Hey there!  You'll get some awesome suggestions about colours here.  We have some truly talented folks on Specktra.  I hope you really have a great time here.


----------



## blushbunny (Dec 18, 2006)

Quote:

   Originally Posted by *caffn8me* 

 
_Hey there! You'll get some awesome suggestions about colours here. We have some truly talented folks on Specktra. I hope you really have a great time here. 
	

	
	
		
		

		
		
	


	


_

 
Thanks again!

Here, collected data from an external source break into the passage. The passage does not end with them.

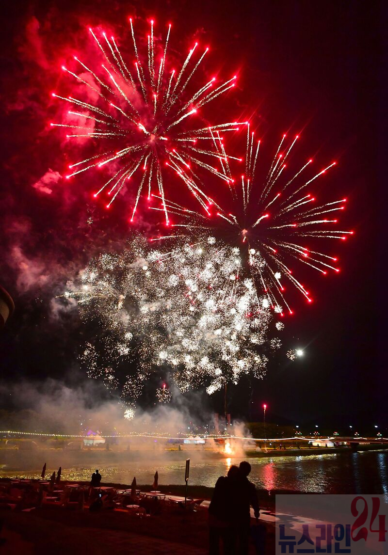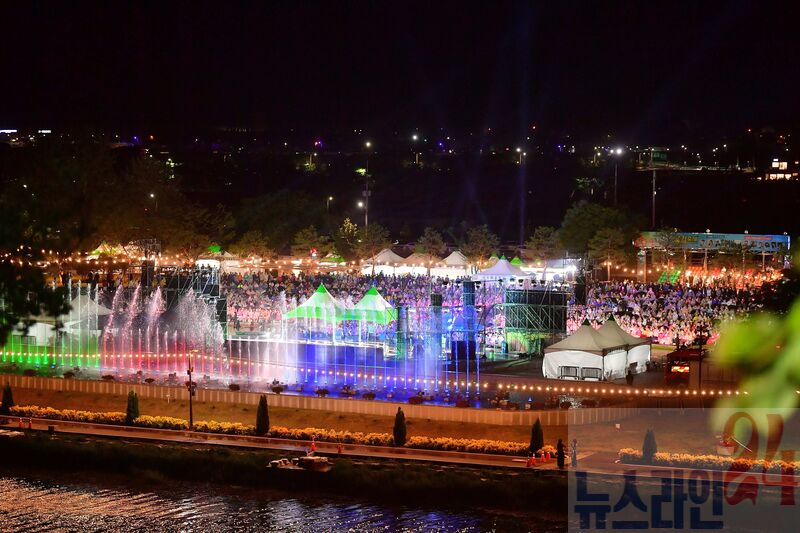 장성군이 9일 ‘제24회 장성 황룡강 길동무 꽃길축제’ 전야제를 갖고 축제의 개막을 알렸다. 비바람이 부는 악천후에도 5000여 명의 발길이 축제장으로 모였다.
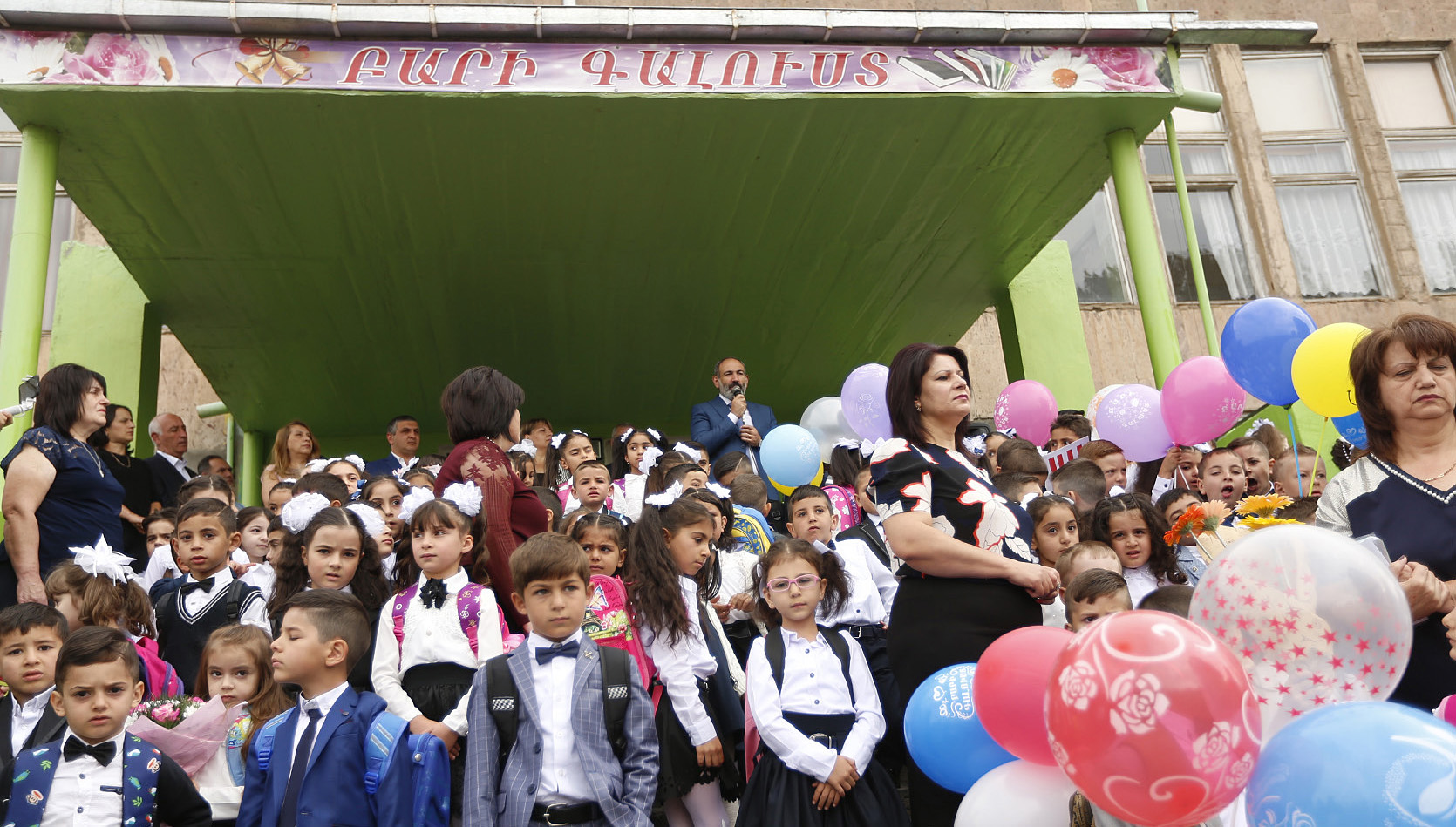 Ողջույնի խոսքում Նիկոլ Փաշինյանը, մասնավորապես, նշել է. «Այսօր նոր Հայաստանի առաջին սեպտեմբերի 1-ն է, այս փոքրիկները նոր Հայաստանի առաջին դասարանցիներն են, ու այսօր այս դպրոց է այցելում 111 առաջին դասարանցի: Ի՞նչն է տարբերությունը, և ի՞նչը պետք է տարբերվի այս նոր իրավիճակում: Կարծում եմ՝ ամենակարևոր արձանագրումը հետևյալն է, որ նոր Հայաստանում կարևորը պետք է լինի ոչ թե գնահատականը, այլ գիտելիքը, այսինքն՝ ամեն աշակերտ, ամեն ծնող պետք է գնա ոչ թե գնահատականի հետևից, այլ գիտելիքի: Նոր Հայաստանում կարևոր է լինելու ոչ թե այն, ինչ անգիր ենք արել, այլ հմտությունների, ընդունակությունների զարգացումը: Նոր Հայաստանում ուսուցիչը, դպրոցն իրենց առջև պետք է ոչ թե ուղղակի խնդիր դնեն, որ երեխային ինչ-որ տվյալներ փոխանցեն, այլ պետք է երեխային պատրաստեն թռիչքի` բառի բուն իմաստով, որովհետև մենք բոլորս մեր երկիրը, մեր հայրենիքը, մեր ժողովրդին պետք է պատրաստենք թռիչքի, որովետև եկել են ժամանակներ, որ, այո, մենք պետք է կարողանանք թռչել: Մենք պետք է կարողանանք հասնել շատ բարձր նպատակների և արդյունքների»:
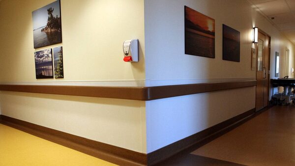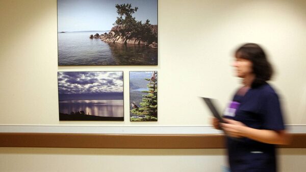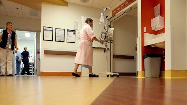 A nurse at the Royal Jubilee Hospital walks by art work, earth tone colours and new elderly friendly hand railings inside the Patient Care Centre in Victoria, B.C.Chad Hipolito for The Globe And Mail

I get so inspired looking at all the hot FOTDs - there are some mega talented and gorgeous girls out there!


----------



## caffn8me (Dec 18, 2006)

Quote:

   Originally Posted by *blushbunny* 

 
_there are some mega talented and gorgeous girls out there! 
	

	
	
		
		

		
		
	


	


_

 
....and guys - everyone seems to forget the guys but just look at the great eye work in littlemakeupboy's diamonds on my eyes ,di di diamonds in my ears FOTD

Sarah, Specktra's equal opportunities and political correctness enforcement officer (just joking!)


----------



## blushbunny (Dec 18, 2006)

Quote:

   Originally Posted by *caffn8me* 

 
_....and guys - everyone seems to forget the guys but just look at the great eye work in littlemakeupboy's diamonds on my eyes ,di di diamonds in my ears FOTD

Sarah, Specktra's equal opportunities and political correctness enforcement officer (just joking!)_

 
Hee hee, my bad! :durrr:  I did notice his FOTD actually and was suitably impressed by it this morning! Just love checking out those ace slaps before the day at work...


----------



## jayme (Dec 24, 2006)

Happy Christmas . . . 
	

	
	
		
		

		
		
	


	




jayme


----------